Assignment:
Exclude the pictures, then copy word for word the lines running from the beginning of the records through the line with "En mai, nous".
+ + +
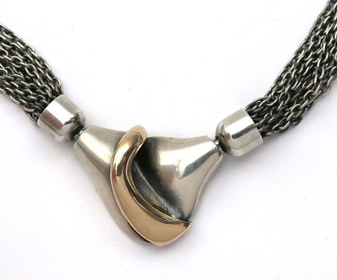 N. E. From collier bestående af 10 radet ankerkæde med enkelte, forgyldte tøndeled. Aftagelig vedhæng med forgyldt front. Kæde L. 39 cm., samlet vægt ca. 36 gr.
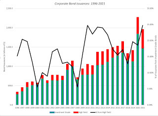 In the final graph, I look at corporate bond offerings, broken down into investment grade and high yield, by year, from 1996 to 2021:
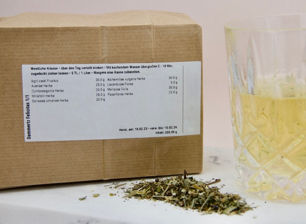 - Eine auf dich zugeschnittene Tee-Rezeptur (hält für 2 Monate)
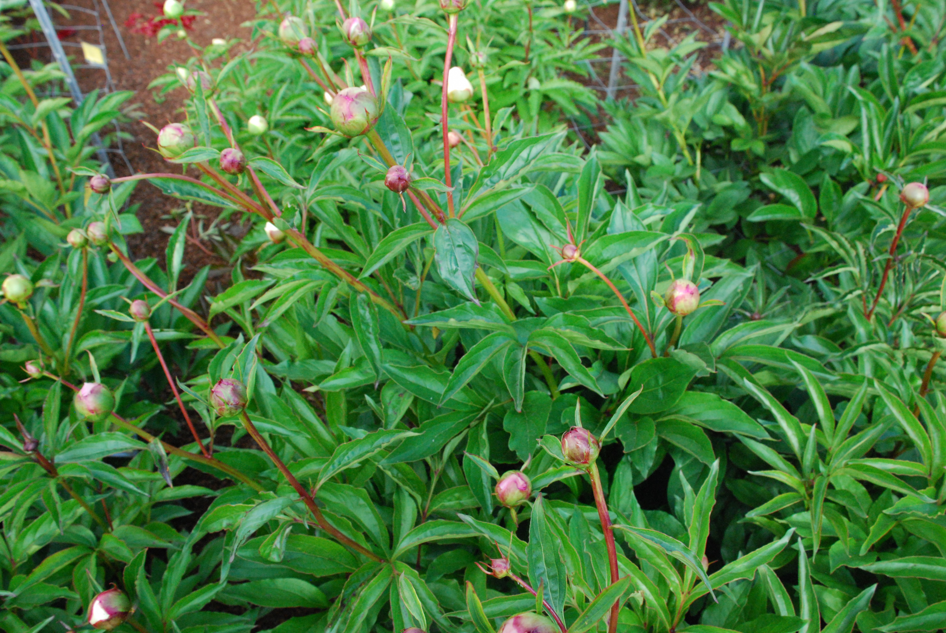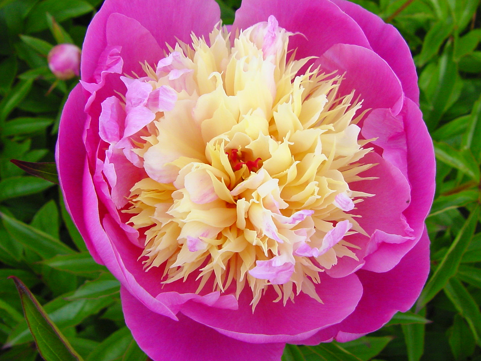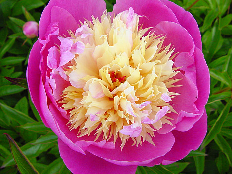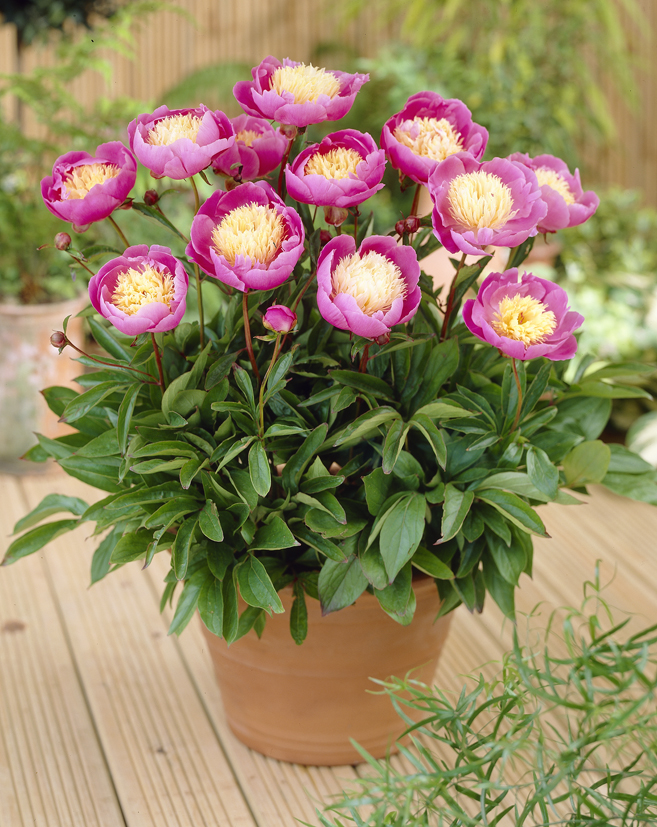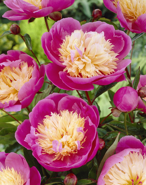 Tweekleurige pioen met stevige stelen. Ook beknd als 'Globe of Light'.
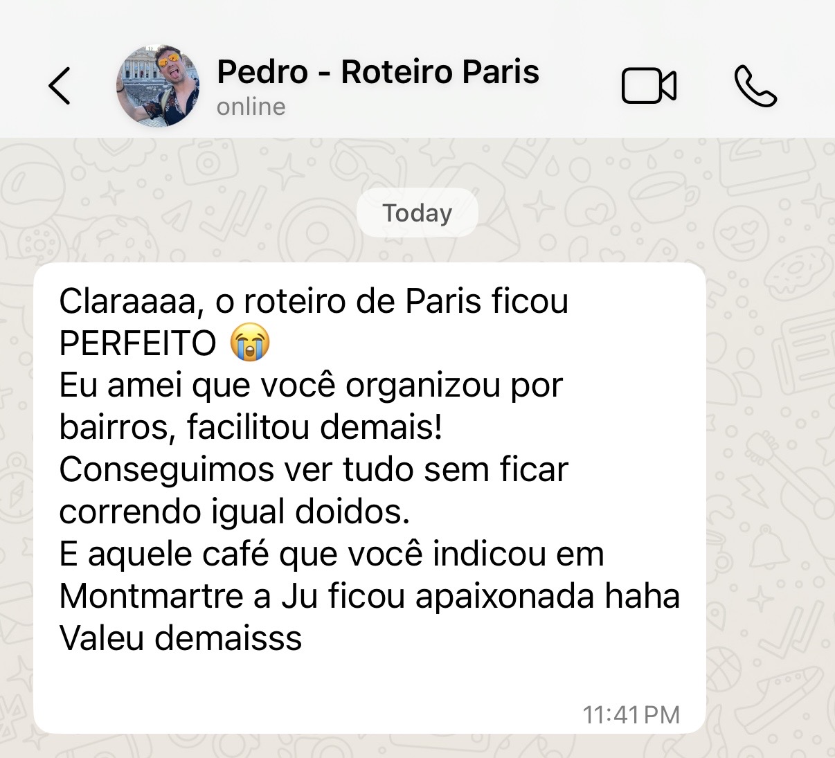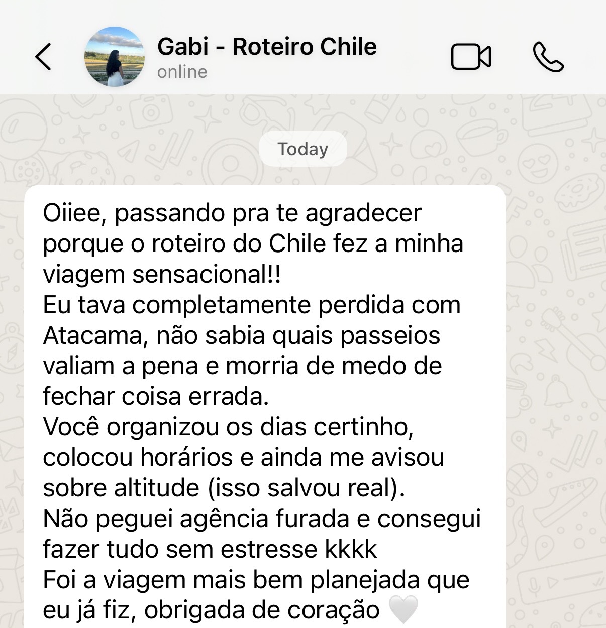 Você recebe um PDF completo e organizado com tudo o que precisa para tirar sua viagem do papel. Além disso, agendamos uma segunda video chamada para a entrega do material, onde eu explico cada detalhe do planejamento e tiro dúvidas.
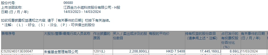 智通财经APP获悉,香港联交所最新资料显示,3月11日,朱雀基金减持金力永磁(06680)220.88万股,每股作价7.54港元,总金额约为1665.44万港元。减持后最新持股数目约为1744.52万股,最新持股比例为8.69%。
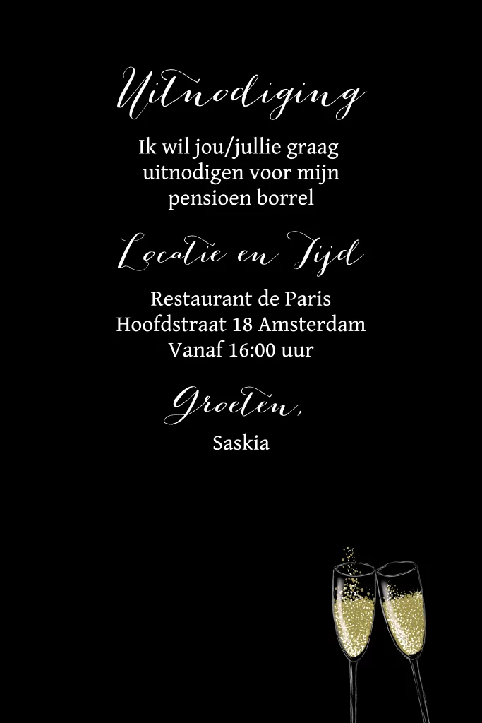 Een feestelijke uitnodiging voor een pensioen borrel, met een champagnefles en -glazen. Pas zelf de teksten aan en vervang eventueel de achtergrondkleur. (23493)
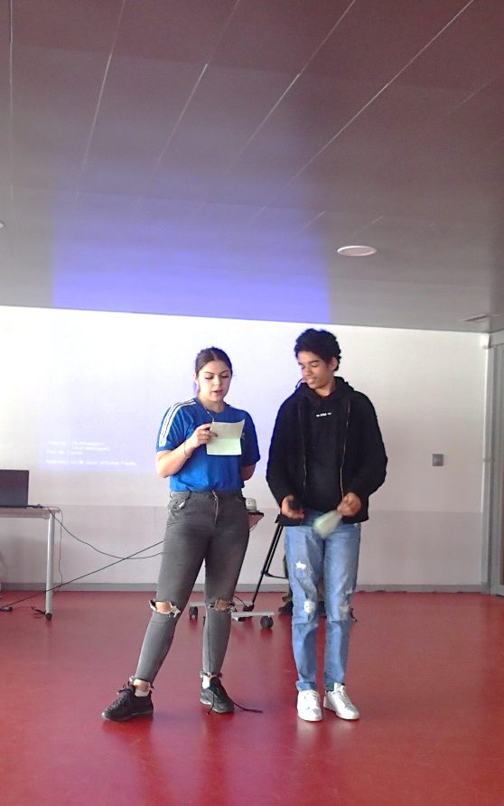 En mai, nous revenons et ils nous font entendre une musique sur laquelle ils écriront, en atelier d’écriture avec Jodie Lindemann, CPE, un slam qui fera entendre dix voix : ils ont en effet créé dix « profils » d’élèves qui pour différents prétextes sont exclus (pour homosexualité, pour pauvreté, …) et le clip confectionné en atelier d’Arts appliqués avec Emma s’appellera « Vivre ensemble ».
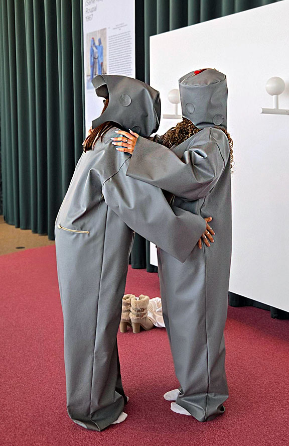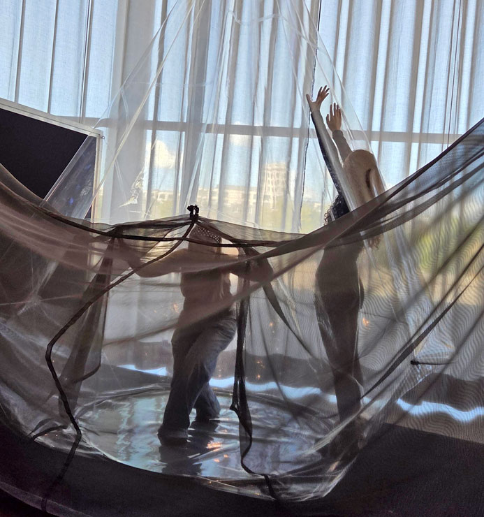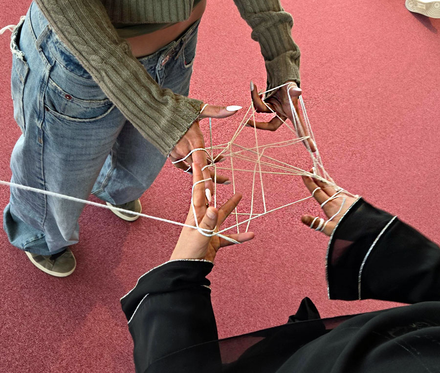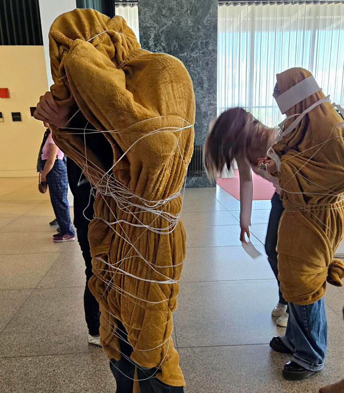 Besonders eindrücklich waren die anschließend präsentierten performativen Ideen, die die Themen „Beziehung“, „Abhängigkeit und Befreiung“ für alle Anwesenden erfahrbar machten. Dabei wurden ganz einfache Elemente wie Schnüre, Decken oder Papierstreifen zu Bedeutungsträgern.
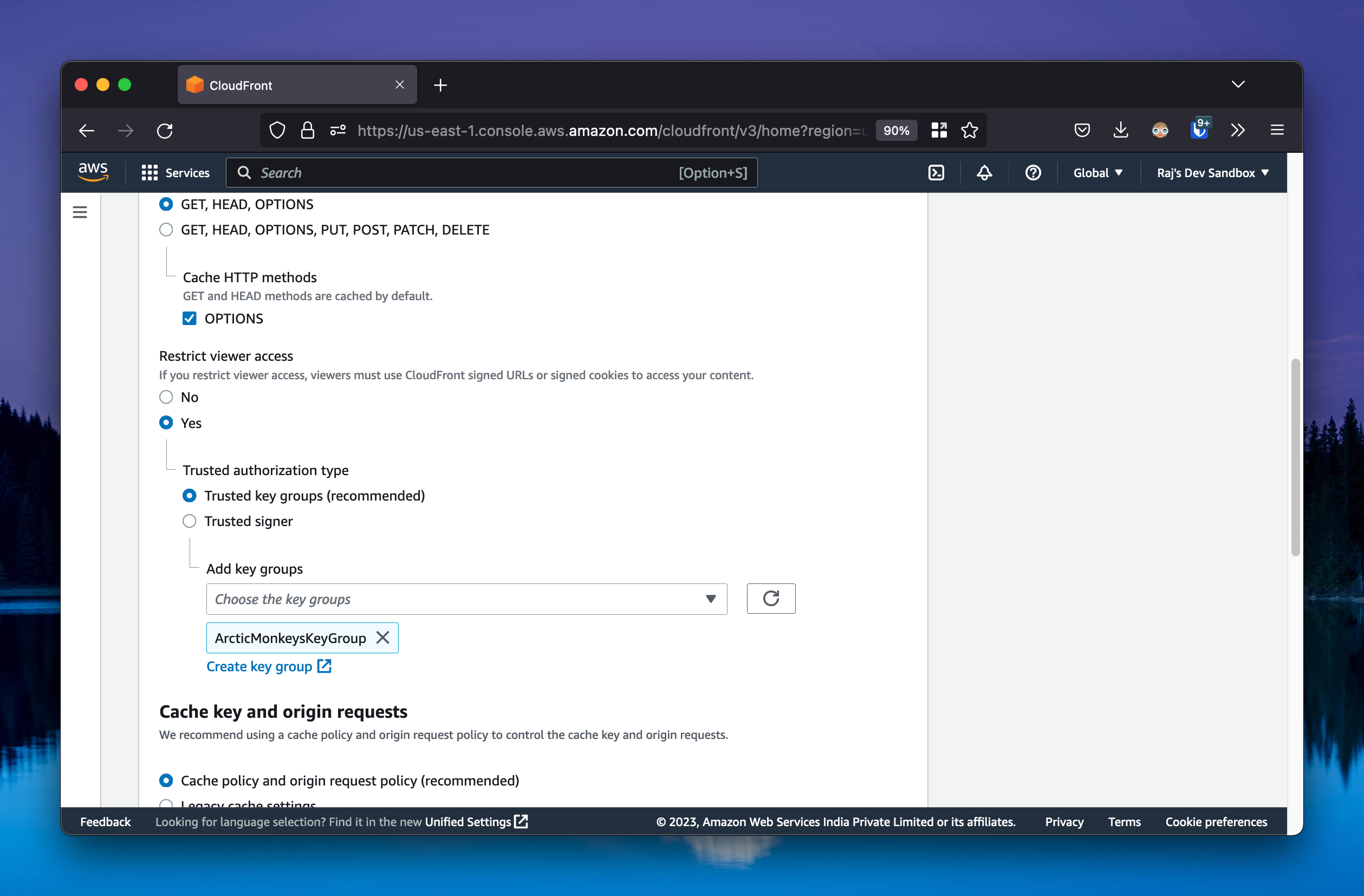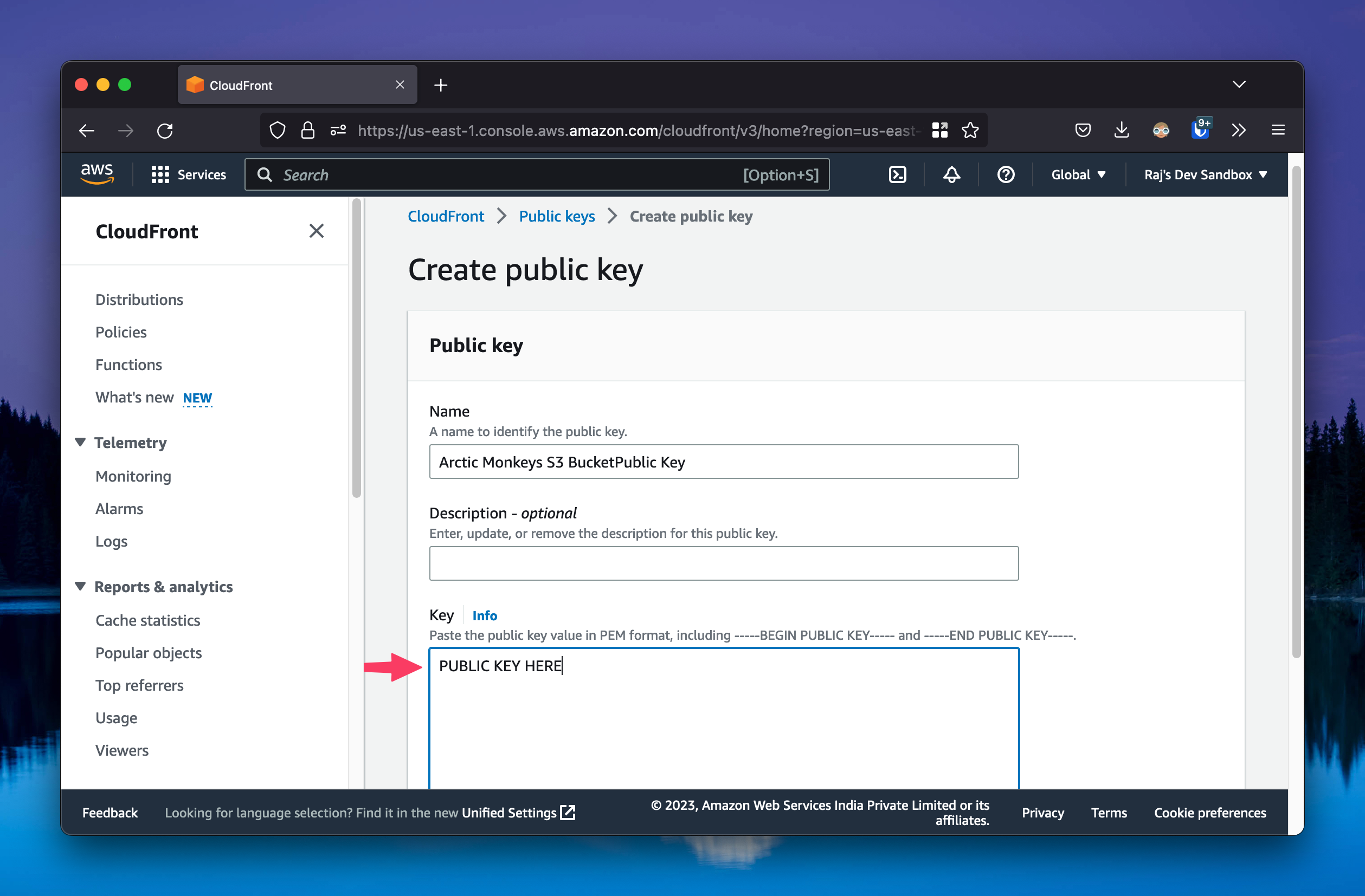 This will create a file called public_key.pem in the current directory. Now, we need to add the public key to the CloudFront distribution. Go to the CloudFront distribution you created in the previous step, and add the public key ->
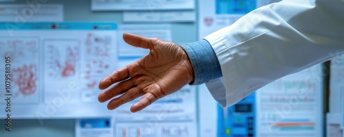 A hand extends from a lab coat against a backdrop of scientific charts and data.
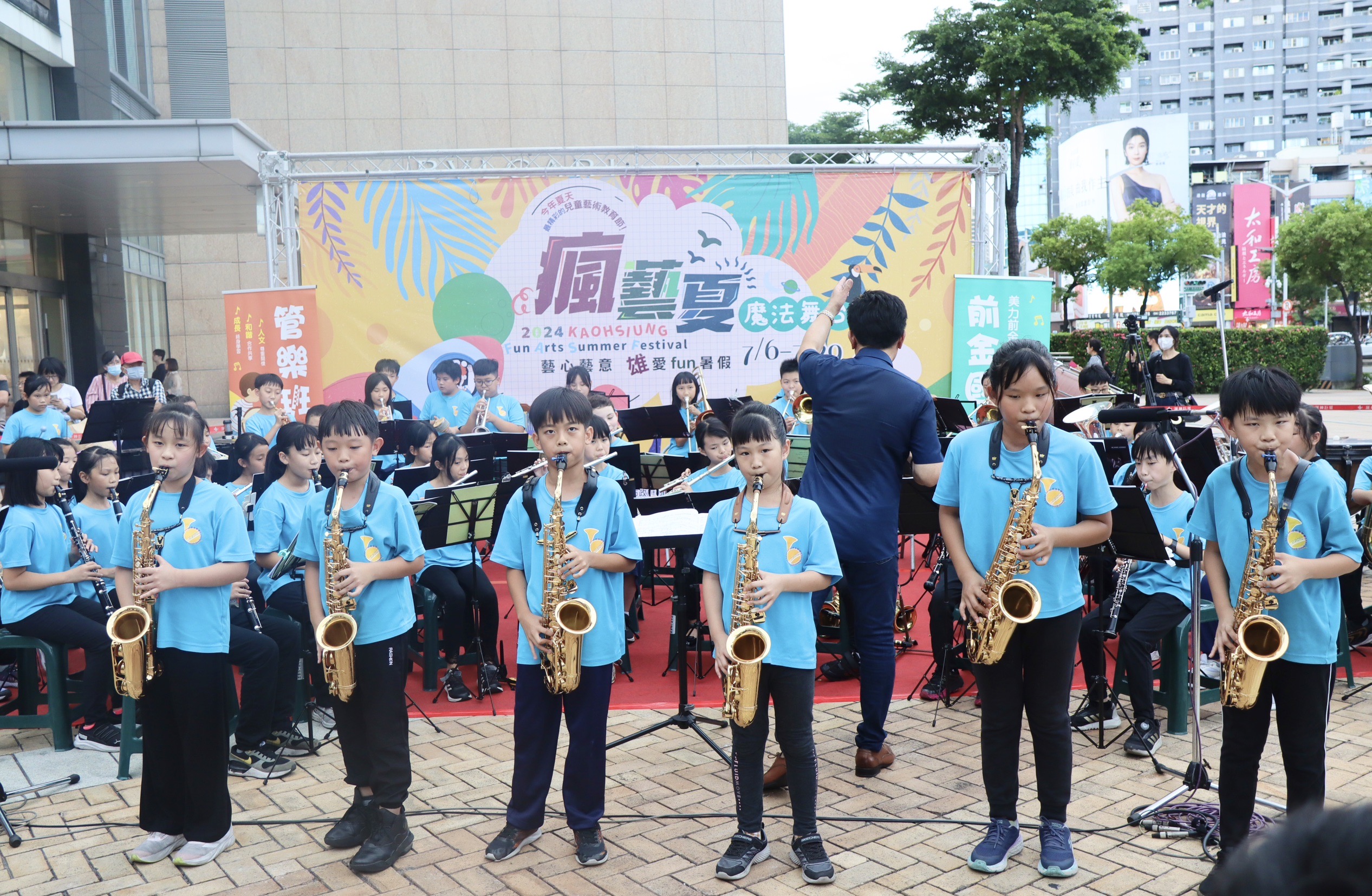 今天「瘋藝夏」活動首場上場演奏的是前金國小、陽明國小管樂團,以及大仁國中國樂團、鼎金國中舞蹈班的表演;現場音樂聲、翩翩舞姿炒熱夏天,吸引親師生、民眾們到場欣賞。
+ + +
Solution to this task:
 N. E. From collier bestående af 10 radet ankerkæde med enkelte, forgyldte tøndeled. Aftagelig vedhæng med forgyldt front. Kæde L. 39 cm., samlet vægt ca. 36 gr.
 In the final graph, I look at corporate bond offerings, broken down into investment grade and high yield, by year, from 1996 to 2021:
 - Eine auf dich zugeschnittene Tee-Rezeptur (hält für 2 Monate)
 Tweekleurige pioen met stevige stelen. Ook beknd als 'Globe of Light'.
 Você recebe um PDF completo e organizado com tudo o que precisa para tirar sua viagem do papel. Além disso, agendamos uma segunda video chamada para a entrega do material, onde eu explico cada detalhe do planejamento e tiro dúvidas.
 智通财经APP获悉,香港联交所最新资料显示,3月11日,朱雀基金减持金力永磁(06680)220.88万股,每股作价7.54港元,总金额约为1665.44万港元。减持后最新持股数目约为1744.52万股,最新持股比例为8.69%。
 Een feestelijke uitnodiging voor een pensioen borrel, met een champagnefles en -glazen. Pas zelf de teksten aan en vervang eventueel de achtergrondkleur. (23493)
 En mai, nous revenons et ils nous font entendre une musique sur laquelle ils écriront, en atelier d’écriture avec Jodie Lindemann, CPE, un slam qui fera entendre dix voix : ils ont en effet créé dix « profils » d’élèves qui pour différents prétextes sont exclus (pour homosexualité, pour pauvreté, …) et le clip confectionné en atelier d’Arts appliqués avec Emma s’appellera « Vivre ensemble ».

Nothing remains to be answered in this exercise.